De réalisateur opportuniste insupportable de lourdeur et d’arrogance, Michael Winterbottom est tombé en quelques mois dans une douce indifférence, au point qu’on ne sourcille pas à l’idée de le voir adapter du Jim Thompson. Loi du moindre mal oblige, The Killer inside me, énième polar tiré de l’oeuvre de l’auteur mythique, est d’emblée moins irritant que les prétextes world sensationnalistes (In this world, The Road to Guantanamo) qui gonflent habituellement la baudruche winterbottomienne – le scénario est trop carré pour filmer autre chose, à côté, ce qu’aime tant faire le cinéaste par vice (quand il se la raconte) ou par faiblesse (quand il ne sait ni quoi, ni comment faire).
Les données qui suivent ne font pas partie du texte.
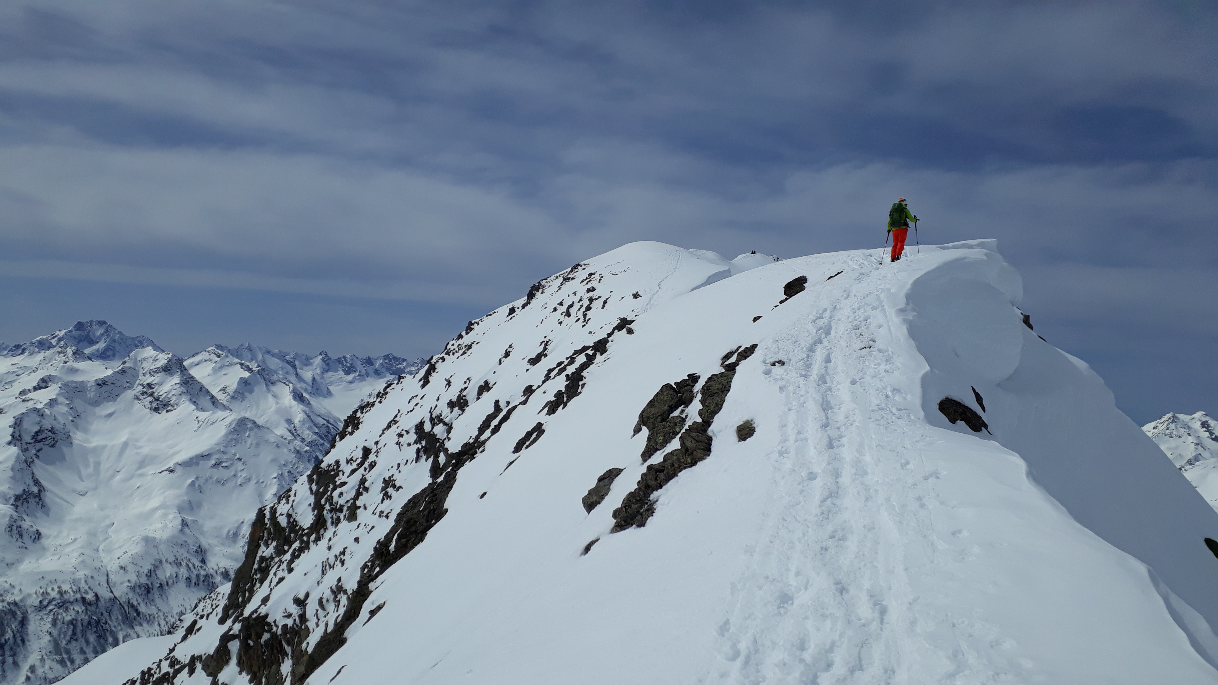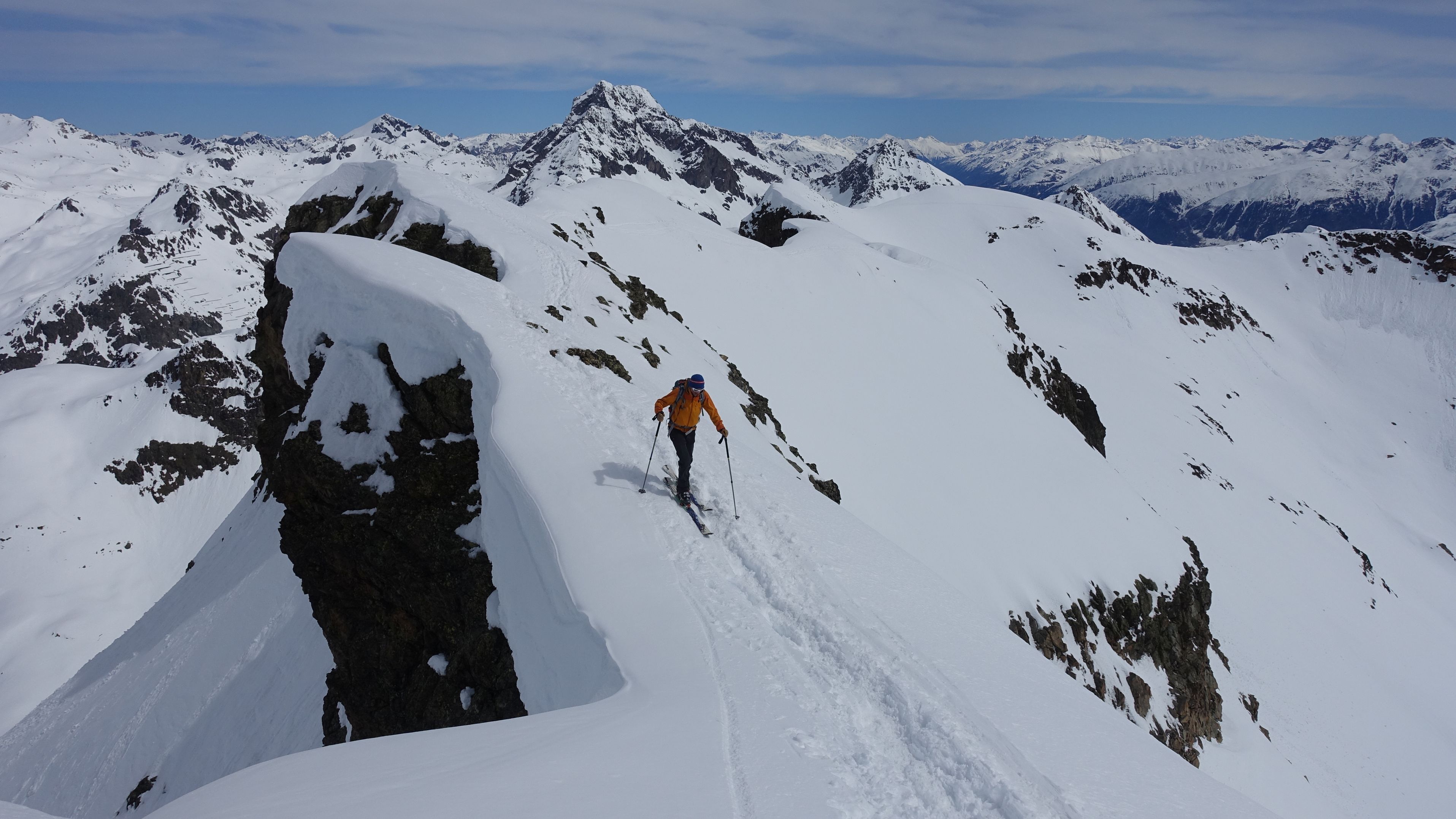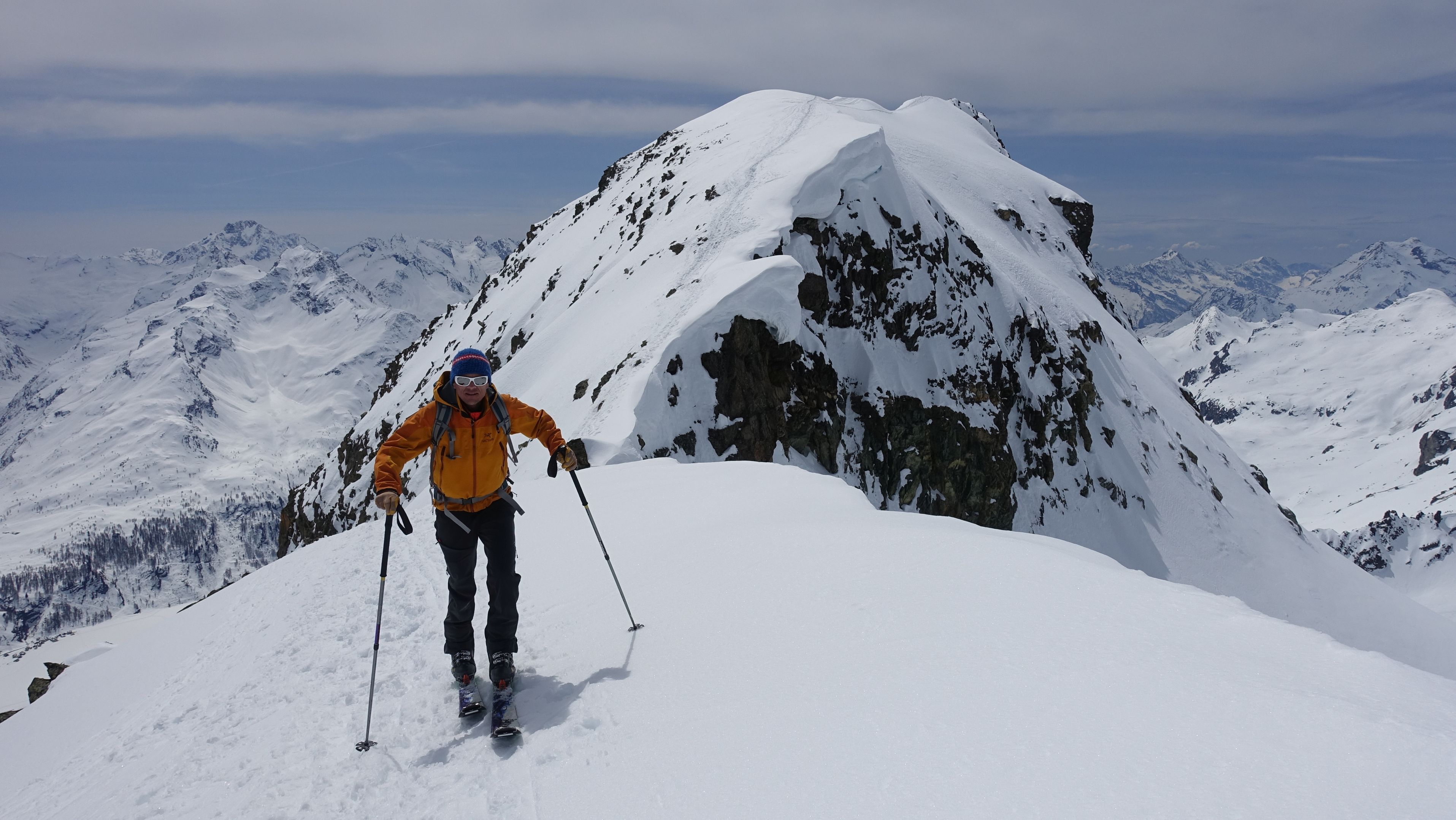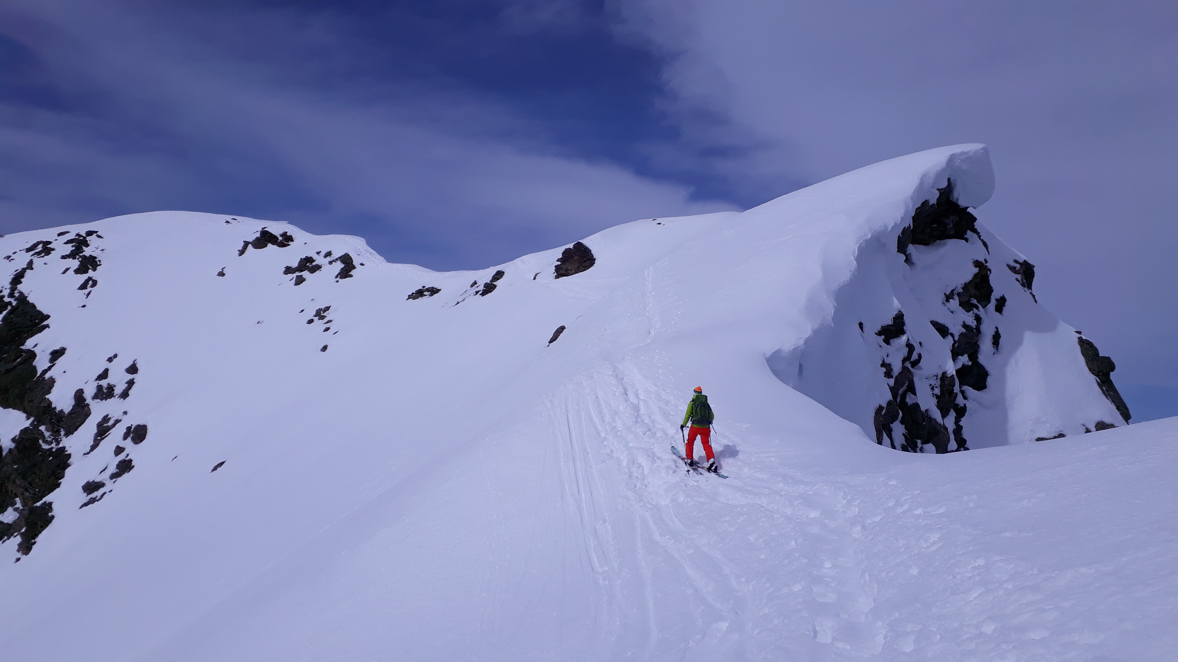 Tourenverhältnisse: Pulver und Firn, man konnte mit Skiern bis zum Hauptgipfel gehen

L’histoire raconte la vie d’un shérif psychopathe à bonne bouille dans une bourgade texane des années 50. Le film épouse son point de vue : une voix off révèle ses considérations amusées, façon journal de bord, tandis que la caméra ne le lâche pas d’une semelle, montrant ici ses parades amoureuses, là son parcours sanglant.

Tenu en laisse, le film déroule, liant comme attendu le sexe et la mort, n’oubliant pas d’en rajouter une couche sur l’atmosphère et l’arrière-plan : rednecks pervers, pépées bovariesques, bled gorgé d’ennui et étouffant sous le cagnard, tout le grand bestiaire du polar et les conventions du genre où Winterbottom se complaît visiblement. Et aussi : les meurtres, évidemment, limites claires du film, climax desséchés où l’académisme du cinéaste a la vertu de s’effacer devant l’imaginaire souverain de Thompson. Ce syndrome d’efficacité minimum n’est pas si commun. D’ordinaire, ou bien la mise en scène déforme ou gâche le matériau de base, ou bien elle le sublime. Ici elle s’en tient à le préserver du pire, à en détourer les forces avec une indéniable délicatesse. Le lynchage de Jessica Alba, saisi en quasi plan séquence, est emblématique : malgré la platitude de l’image – coups et blessures en gros plans éructant, bruités comme un jeu vidéo -, la perversité intacte de l’écriture (la victime, croyant jusqu’au bout à une mise en scène, est convaincue que le calvaire va s’arrêter) maintient le récit sous tension. Seule l’époustouflante interprétation de Casey Affleck, tout en voix traînante et arrogance de premier de la classe, suscite un regret : que le film ne soit pas à sa hauteur.